In FIG. 3, which is a model diagram of the mold 2 viewed from above, the paths of turning movement of the first plasma torch 7a and the second plasma torch 7b are illustrated. As illustrated in FIG. 3, the first plasma torch 7a and the second plasma torch 7b are turned, for example, horizontally clockwise.

The continuous casting machine 1 is housed in a chamber (not shown) that is filled with inert gas. Thus, the continuous casting machine 1 is surrounded by inert gas such as argon gas or helium gas.

In such configuration, the molten metal 12 in the mold 2 begins to solidify from a surface in contact with the water-cooled mold 2, as illustrated in FIGS. 1 and 2. Then, the starting block 6 that has occupied the lower opening of the mold 2 is lowered at a predetermined rate so that a rectangular prismatic slab 11, which has been formed through solidification of the molten metal 12 is continuously cast while being withdrawn downward.

In the case of electron beam melting in a vacuum, it would be difficult to cast a titanium alloy, because minor components would be evaporated. In contrast, plasma arc melting in an inert gas allows casting of a titanium alloy as well as pure titanium.

The continuous casting machine 1 may include a flux feeder for adding solid or liquid flux to the surface of the molten metal 12 in the mold 2. In the case of electron beam melting in a vacuum, it would be difficult to add the flux to the molten metal 12 in the mold 2, because the flux would be scattered. In contrast, plasma arc melting in an inert gas advantageously allows addition of the flux to the molten metal 12 in the mold 2.

(Cast Surface Defects)

If the surface (cast surface) of a continuously-cast slab 11 containing titanium or a titanium alloy has an irregularity or a flaw, a surface defect occurs in a subsequent rolling process. Thus, it is necessary to remove the irregularity or the flaw on the surface of the slab 11, for example, by cutting before rolling. This causes problems such as decreased yield and increased operations, which are responsible for increased cost. Thus, there exists a need for casting a slab 11 with its cast surface having minimum irregularities and flaws.

In continuous casting of a slab 11, the slab 11 (a solidified shell 13) is in contact with the mold 2 only in a region close to the surface of the molten metal 12 heated by plasma arc (a region extending about 10 mm below from the surface of the molten metal), as illustrated in FIG. 4, which is a model diagram. In a region deeper than the region, the slab 11 is heat-shrunk, which creates an air gap 14 between the mold 2 and the slab 11. The region extending about 10 mm below from the surface of the molten metal is hereinafter referred to as full contact region 16 (the region represented by hatched lines in FIG. 4). In the full contact region 16, a passing heat flux Q is produced from the slab 11 to the mold 2. The symbol “D” in FIG. 4 represents the thickness of the solidified shell 13.

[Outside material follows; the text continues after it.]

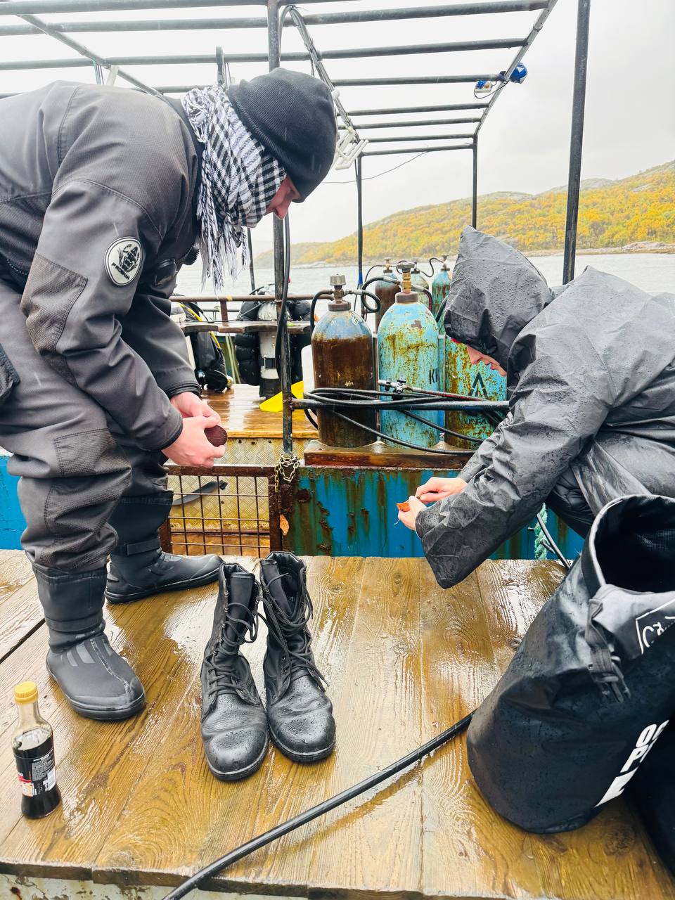 Огромное спасибо дайвинг-центру Diversea Liinahamari за организацию погружений, а также команде судна «Малыш» — за навигацию, помощь со снаряжением и уютную атмосферу на борту!

If an excessively high heat input is applied to the surface of the molten metal 12, the solidified shell 13 does not grow sufficiently and becomes excessively thin. Thus, the surface of the solidified shell 13 is torn off due to lack of strength. This is called “tear defect”. In contrast, if an excessively low heat input is applied to the surface of the molten metal 12, the molten metal 12 is lapped over the overgrown (excessively thickened) solidified shell 13, which causes a large surface defect. This is called a “lapping defect”. FIG. 5A is a surface photograph of a slab 11 with a “lapping defect”, while FIG. 5B is a surface photograph of a slab 11 with a “tear defect”.

(Surface Temperature of Ingot Achieving Acceptable Amount of Irregularities in Cast Surface)

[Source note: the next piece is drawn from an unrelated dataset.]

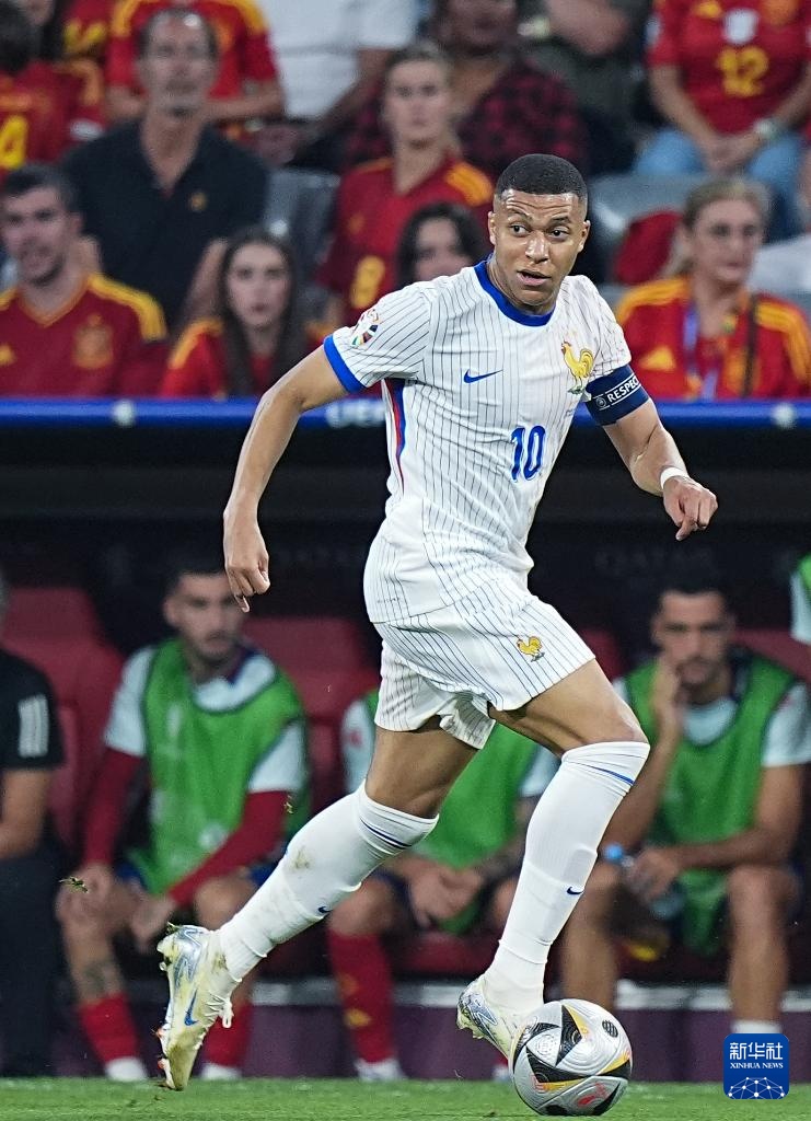 7月9日,法國隊球員姆巴佩在比賽中帶球。新華社記者 張帆 攝

FIG. 6 illustrates the relationship between passing heat flux Q and surface temperature TS of a slab 11 (surface temperature of an ingot). The passing heat flux Q [W/m2], which is an indicator of heat balance, and the surface temperature TS [° C.] of the slab 11 are evaluated in terms of an average in the full contact region 16. The relationship diagram shows that if the slab 11 has an average surface temperature TS in a range from 800° C. to 1250° C. exclusive, in the full contact region 16 between the mold 2 and the slab 11, the resulting slab 11 can have a good cast surface without tear defects or lapping defects.

(Heat Input Conditions)

The inventors thought that when the molten metal is poured from one of the paired shorter sides of the rectangular mold 2 as illustrated in FIG. 1, a surface region on the metal inlet side, the region being not only heated by the heat sources, but also receiving the molten metal 8, would have a higher temperature than the temperature of a surface region on the side opposite the metal inlet side, the region being only heated by the heat sources.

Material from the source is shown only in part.